> EXERCISE DESCRIPTION
Starting at the line that holds "共青团长汀县委副书记丘火火、", reproduce each line exactly up to and including the last line of the records below. Pictures stay out.

> RECORDS FOR THIS TASK
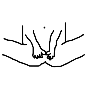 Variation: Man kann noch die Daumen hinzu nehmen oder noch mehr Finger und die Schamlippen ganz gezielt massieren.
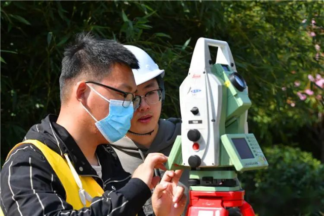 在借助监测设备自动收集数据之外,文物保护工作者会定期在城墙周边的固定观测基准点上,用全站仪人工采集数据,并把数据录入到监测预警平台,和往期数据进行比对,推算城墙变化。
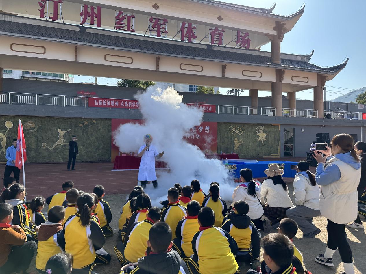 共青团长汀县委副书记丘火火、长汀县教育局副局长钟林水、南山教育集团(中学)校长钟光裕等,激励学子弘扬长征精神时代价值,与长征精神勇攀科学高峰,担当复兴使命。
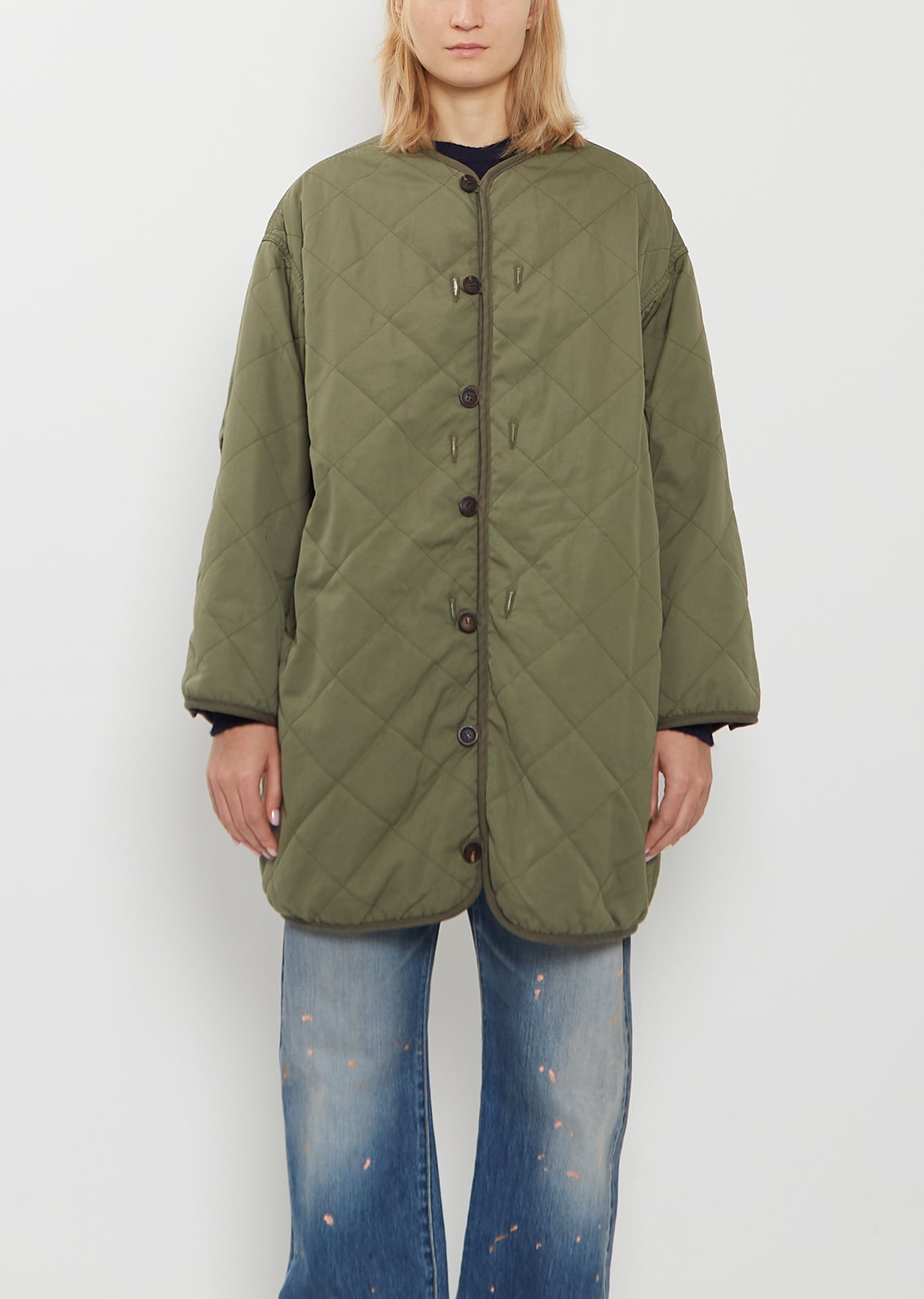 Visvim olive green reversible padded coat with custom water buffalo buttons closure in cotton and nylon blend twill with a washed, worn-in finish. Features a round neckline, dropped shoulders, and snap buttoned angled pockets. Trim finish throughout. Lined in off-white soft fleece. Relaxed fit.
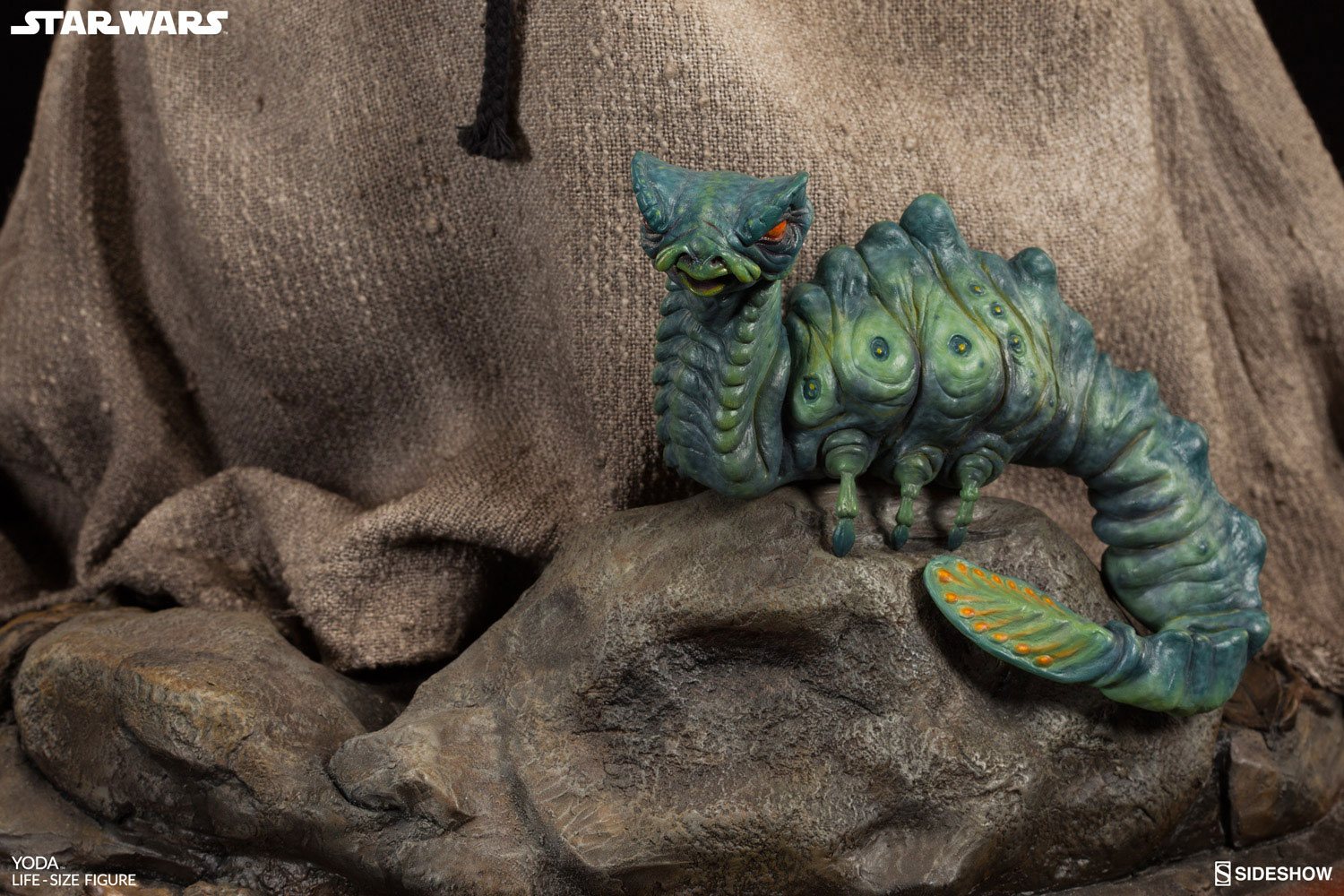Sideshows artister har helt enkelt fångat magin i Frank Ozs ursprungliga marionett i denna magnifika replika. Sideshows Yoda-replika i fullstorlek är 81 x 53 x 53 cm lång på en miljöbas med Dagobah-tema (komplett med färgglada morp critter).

> PROBLEM SOLUTION
 共青团长汀县委副书记丘火火、长汀县教育局副局长钟林水、南山教育集团(中学)校长钟光裕等,激励学子弘扬长征精神时代价值,与长征精神勇攀科学高峰,担当复兴使命。
 Visvim olive green reversible padded coat with custom water buffalo buttons closure in cotton and nylon blend twill with a washed, worn-in finish. Features a round neckline, dropped shoulders, and snap buttoned angled pockets. Trim finish throughout. Lined in off-white soft fleece. Relaxed fit.
Sideshows artister har helt enkelt fångat magin i Frank Ozs ursprungliga marionett i denna magnifika replika. Sideshows Yoda-replika i fullstorlek är 81 x 53 x 53 cm lång på en miljöbas med Dagobah-tema (komplett med färgglada morp critter).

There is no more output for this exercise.